Well said by MyBoyPuck. If I may be so bold as to add to the statement: When making contact with whichever rein you're going to use for your one way stop, you do have to shorten the rein so you will need to slide your hand down (or forward, if you prefer, as the horse does need to get some bend in order to follow his nose to a stop) on the rein then start the move to your hip -- you'll get the feel for it as soon as you try it a couple of times. Of course, practise the stop on both sides of the horse equally and if one side is coming up stiffer, add more time to that one. If you are using the stop at the canter, use the rein on the leading leg -- eg cantering on left lead, take left rein to hip. Also, as Puck mentioned, it doesn't work so well at speed because of balance issues but you can add spiraling inward circles to regain control and slow him down to the point where he breaks gait down to a trot and then you can kick in with the one rein stop.

I must say a well practised one rein stop does look good -- very smooth and effortless with both rider and horse maintaining an almost casual look about them during the execution of the movement.

Best of luck with it.


----------



## Saddlebag (Jan 17, 2011)

Was this horse ever on the race track? If so sometimes these horses get the notion in their head that they're back on the track and desire to run their race.


----------



## SueC (Feb 22, 2014)

I'm really interested in what kind of bit this horse is in!

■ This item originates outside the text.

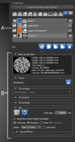 The Properties tab on the right sidebar of the Dragonfly workspace is the default location for the Data Properties and Settings panel, which lists the datasets and objects that can be shown in the scene views. For the selected object in the top section of the panel, the lower section shows related information, settings, and tools. Pop-up menus are also available that provide access to common operations, as well as to advanced features and tools.

Episodes like that make me really look at potentially better (kinder, more effective, different action) bits. We and friends have rehabbed a fair few off-track "uncontrollables" and finding the right bit is part of the equation. Snaffles aren't always ideal bits, nor are they always kind, so I'm a big fan of _trying_ mild curb bits, at least on trails, for nose-poking "I'm off" types - safer, kinder, plus horse yields jaw and this discourages headless flight. And obviously: Dressage, dressage, dressage in the arena until horse and you are communicating very effectively.


----------



## bsms (Dec 31, 2010)

A one rein stopped is a learned behavior, just as a two rein stop is. If you train for a good 2 rein stop, then you'll correct much of the problem. That means starting over and training good stops at a walk - good stops, where the horse makes a good faith effort at stopping and then stands still. When the stops are good at a walk, then start working on them at a trot. When you have a lot of good faith effort stops given easily at a trot, go up to a canter.

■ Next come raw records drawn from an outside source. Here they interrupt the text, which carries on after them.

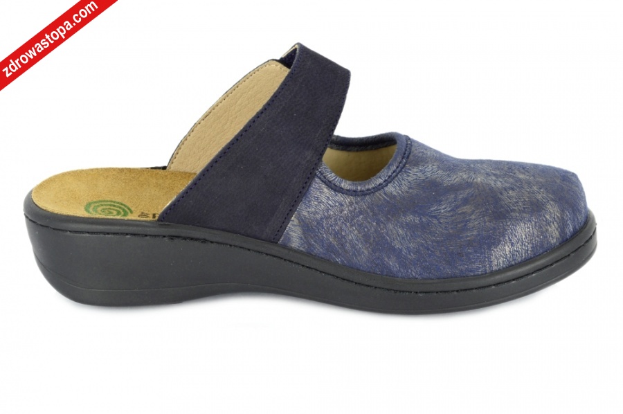 Dodatkowe informacje: wysokość klinu: 35 mm, zapięcie na rzepe na podbiciu. Skórzana, wyjmowana wkładka profilowana z punktem na pięcie amortyzującym drgania. Przednia część wykonana z tkaniny streczowej w celu wymiękczenia na ewentualnych haluksach.
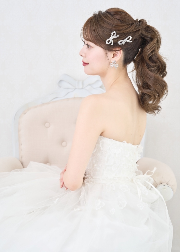 お好みのバランスで髪型に合わせて自由にアレンジできるのでお色直しや披露宴のアイテムとしておススメです。左右それぞれに2:1で分けることでどちらから見ても可愛くなります♡(イヤリングEK24別売り)
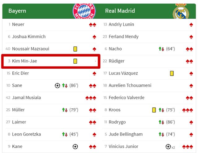 스페인 매체 아스는 1일(한국시간) 독일 뮌헨의 알리안츠 아레나에서 열린 바이에른 뮌헨과 레알 마드리드의 2023~24 유럽축구연맹(UEFA) 챔피언스리그 4강 1차전 2-2 무승부 직후 양 팀 선수들의 평점을 공개했다. 아스는 스페이드(♠) 개수로 평점을 구분하고 3개가 만점인데, 김민재는 아예 단 1개도 받지 못했다. 양 팀 선수들 가운데 평점을 받지 못한 건 김민재뿐이다.

If your horse gets too excited and is refusing to stop, you can try a pulley rein stop:






Here is a video on working with a horse to get good stops:






An option that I think is gentler than using a pulley rein as a back up is to teach the horse how to ride in a curb bit. I'm fond of Billy Allen curbs, which are western. English riders also have some options for curb bits. Ridden without contact, they are pretty gentle. Again, you need to teach the horse to stop in one starting by standing beside the horse, then at a walk, then at a trot, etc. 

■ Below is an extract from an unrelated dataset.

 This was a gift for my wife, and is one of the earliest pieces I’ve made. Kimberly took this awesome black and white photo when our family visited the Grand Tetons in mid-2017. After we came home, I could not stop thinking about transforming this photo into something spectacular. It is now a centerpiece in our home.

The advantage to going to a curb is that when a horse sticks its nose out, it can avoid most of the pressure from a snaffle - so it doesn't need to seek release. The snaffle is pulled back against the molars where it does no good. Worse, it can catch the horse's cheek between the bit and the teeth, causing pain, injuring the horse, and making the horse want to run harder. 

With a curb, the pressure continues against the bars and the tongue until the rider decides to release pressure. If taught to a horse from the ground first, then in small steps of additional speed - so the horse knows what to expect - they can be a useful tool in stopping a horse who wants to ignore his snaffle.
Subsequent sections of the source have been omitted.